Maybe individual honeybees aren't very intelligent, but hives are moreso. Hopefully Anonymous often makes a similar point about markets, corporations or other collective entities and suggests some might even be (or become) . I don't really care much about consciousness, but viewed as persisting and replicating entities they might be lumped in with other life (just like multicellular and unicellular life are).

Comment author: timtyler 18 August 2009 07:27:59PM -2 points [-]
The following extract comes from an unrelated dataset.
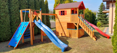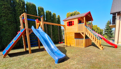 Przedstawiamy nową odsłonę naszego zestawu Ogrodowa Frajda! 🎉 Teraz z jeszcze większą dawką zabawy – dodaliśmy taras pod domkiem oraz drugą zjeżdżalnię na wieży, by radość z jazdy była podwójna! 🚀 Dodatkowo zestaw zyskał oświetlenie LED, które po zmroku tworzy magiczną atmosferę i sprawia, że zabawa może trwać nawet po zachodzie słońca. 🌟✨

The conscious mind does some pretty stupid things too. Like becoming a catholic priest. That sort of thing consigns your potentially-immortal essence that's responsible for your very exisence to the trash bin.

If this is a battle to see which system is the more stupid, we could be looking at examples of insanity from both sides all day.

Comment author: arundelo 10 August 2009 10:07:31PM 0 points [-]

Any idea what opinions your unconscious mind has on these matters?

If it had any, do you think it would be incapable of letting us know about them? If so, why?

(Maybe Yvain should have a session with a Ouija board.)

Comment author: timtyler 18 August 2009 07:21:34PM -2 points [-]

Your definitions of "conscious" and "unconscious" seem highly irregular to me. Best to stick to the dictionary here - I figure.

Comment author: christopherj 25 January 2014 07:38:22AM 0 points [-]

My beliefs about the rationality and morality of my unconscious mind do come from my conscious mind, this is where all my beliefs come from.

I'd dispute this. Just as an example, it is your unconscious mind which provides the processing power for you to read this statement, to understand spoken words, etc. It is largely your unconscious mind which declared some words interesting and others boring. It is your unconscious mind which declares things pleasant (and therefore morally good if you value hedonism). It is your unconscious that contains mirror neurons, without which your morality might be rather different. It is your unconscious that remembers and forgets, though with repeated effort and a consequent use of willpower your conscious can demand a few specific facts be remembered. Your conscious mind may have devised your moral system, but where did the initial values you seek to maximize come from?

I have to either forfeit my right to judge entirely, or use those same judgments to judge my unconscious.

Does it do you any good to judge your unconscious? If you could accomplish more of your conscious goals if you had more willpower, perhaps you could accomplish more of your conscious goals if you found a way to spend less willpower fighting your unconscious.